The tabloid press isn't too fond of digging up the dark side of 1940s Britain, but they are also usually ignorant of the good side too. We were as much a nation of immigrants then as now, only the Poles were pilots rather than plumbers. We respected human rights, even though the word wasn't used, and we neither waterboarded captured Nazi spies nor turned a blind eye whilst others did so. We had a Home Guard, but it was founded by a communist and conscientious objectors were treated well.

Perhaps the most striking difference between what we remember and the reality though was in how we ran the wartime economy. The Second World War may have been a victory of freedom over tyranny, but it was hardly a victory for free market capitalism. The Britain that won the war was not only the more socialist than we've ever been before or since, we were one of the most socialist countries that has ever existed.

Britain had tried to fight the First World War on Victorian principles. Laissez faire economics would provide the money and a volunteer army led by aristocratic officers would do the fighting. However by the end of 1916 it was clear this wasn't working. The military actually weren't the weak point. More volunteers signed up than could be equipped and the aristocratic top brass didn't do quite as bad a job as most people think, although their numbers had to augmented by the brighter members of the middle class.

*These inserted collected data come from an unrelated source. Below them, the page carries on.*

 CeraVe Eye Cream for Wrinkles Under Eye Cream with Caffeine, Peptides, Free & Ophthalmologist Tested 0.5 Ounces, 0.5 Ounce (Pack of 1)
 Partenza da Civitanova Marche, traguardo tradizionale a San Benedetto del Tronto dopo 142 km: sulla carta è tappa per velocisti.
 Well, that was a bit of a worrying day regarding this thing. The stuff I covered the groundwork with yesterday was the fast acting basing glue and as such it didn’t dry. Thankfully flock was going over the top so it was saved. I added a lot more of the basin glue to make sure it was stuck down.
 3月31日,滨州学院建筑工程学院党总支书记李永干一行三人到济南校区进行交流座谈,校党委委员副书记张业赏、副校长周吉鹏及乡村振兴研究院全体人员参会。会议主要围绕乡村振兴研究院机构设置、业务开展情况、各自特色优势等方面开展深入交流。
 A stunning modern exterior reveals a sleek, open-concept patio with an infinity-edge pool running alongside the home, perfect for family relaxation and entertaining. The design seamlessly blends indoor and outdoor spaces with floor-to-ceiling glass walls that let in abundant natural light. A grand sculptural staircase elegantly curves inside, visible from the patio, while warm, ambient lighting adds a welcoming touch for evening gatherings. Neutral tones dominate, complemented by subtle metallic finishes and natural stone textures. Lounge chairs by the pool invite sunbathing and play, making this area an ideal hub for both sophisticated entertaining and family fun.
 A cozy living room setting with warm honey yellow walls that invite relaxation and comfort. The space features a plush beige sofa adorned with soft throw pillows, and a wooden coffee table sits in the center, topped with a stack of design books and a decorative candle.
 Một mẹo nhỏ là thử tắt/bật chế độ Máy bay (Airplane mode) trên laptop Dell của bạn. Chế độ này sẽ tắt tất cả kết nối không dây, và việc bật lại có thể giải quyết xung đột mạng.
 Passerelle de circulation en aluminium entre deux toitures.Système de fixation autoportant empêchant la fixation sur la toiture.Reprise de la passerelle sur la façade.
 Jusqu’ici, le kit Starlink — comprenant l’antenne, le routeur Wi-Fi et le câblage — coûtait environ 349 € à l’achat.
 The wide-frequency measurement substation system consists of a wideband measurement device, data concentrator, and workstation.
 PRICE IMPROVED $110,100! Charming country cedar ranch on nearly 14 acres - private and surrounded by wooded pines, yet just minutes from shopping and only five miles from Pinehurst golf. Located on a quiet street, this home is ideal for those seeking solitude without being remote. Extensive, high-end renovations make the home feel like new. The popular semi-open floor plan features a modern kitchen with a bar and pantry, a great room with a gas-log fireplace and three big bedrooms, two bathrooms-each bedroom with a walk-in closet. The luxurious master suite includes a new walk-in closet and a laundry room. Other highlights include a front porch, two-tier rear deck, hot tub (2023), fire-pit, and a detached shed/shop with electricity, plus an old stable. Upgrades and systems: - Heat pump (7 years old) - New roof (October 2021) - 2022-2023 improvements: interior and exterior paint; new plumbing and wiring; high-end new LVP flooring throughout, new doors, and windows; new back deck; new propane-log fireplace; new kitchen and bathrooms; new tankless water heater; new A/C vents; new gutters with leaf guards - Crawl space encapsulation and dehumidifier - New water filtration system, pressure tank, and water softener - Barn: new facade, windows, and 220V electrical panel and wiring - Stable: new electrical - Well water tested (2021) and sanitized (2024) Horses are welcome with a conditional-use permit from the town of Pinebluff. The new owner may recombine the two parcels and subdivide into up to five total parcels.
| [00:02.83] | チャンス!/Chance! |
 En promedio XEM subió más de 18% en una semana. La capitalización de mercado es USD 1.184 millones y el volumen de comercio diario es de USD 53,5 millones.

The problem instead was the economy, and once Lloyd George was in charge the Welsh Wizard set about a policy of nationalisations that effectively turned us into a command economy. The Labour Party joined the coalition and did exactly what they said on the tin, putting the working class pretty much unanimously behind the war effort.

For the Second World War the same system was tried again, only this time it worked even better. The country was effectively run by an alliance of civil servants, industry and the trade unions. The mandarins were now rather more practical men with a knowledge of the real world that extended beyond the Classics, the Capitalists weren't just robber barons but were modern managers and the trade unionists weren't just soap box orators but skilled administrators. Laissez faire was well and truly dead and the economy was run on Keynesian lines.

Nowhere else before or since has there been such an alliance, and the results speak for themselves. Despite the Luftwaffe and the U Boats, the British war economy surged ahead, outstripping the Germans even though the Nazis had slaves and the plunder from occupied Europe. Until the Americans joined the fighting and introduced their own form of war socialism we were the arsenal of democracy.

We continued in this vein once the war ended, when we not only had to retool to a peacetime economy but also feed occupied Germany and garrison an Empire. The post war years are normally seen as a fall from greatness for this country, but in truth that was already gone by 1945. Instead it was Attlee's job to rebuild from almost utter ruin.

Then in 1950 Churchill was reelected and put us back on the Gold Standard. The great experiment with Keynesian Social Democracy was over and we started the march towards the world as it is now.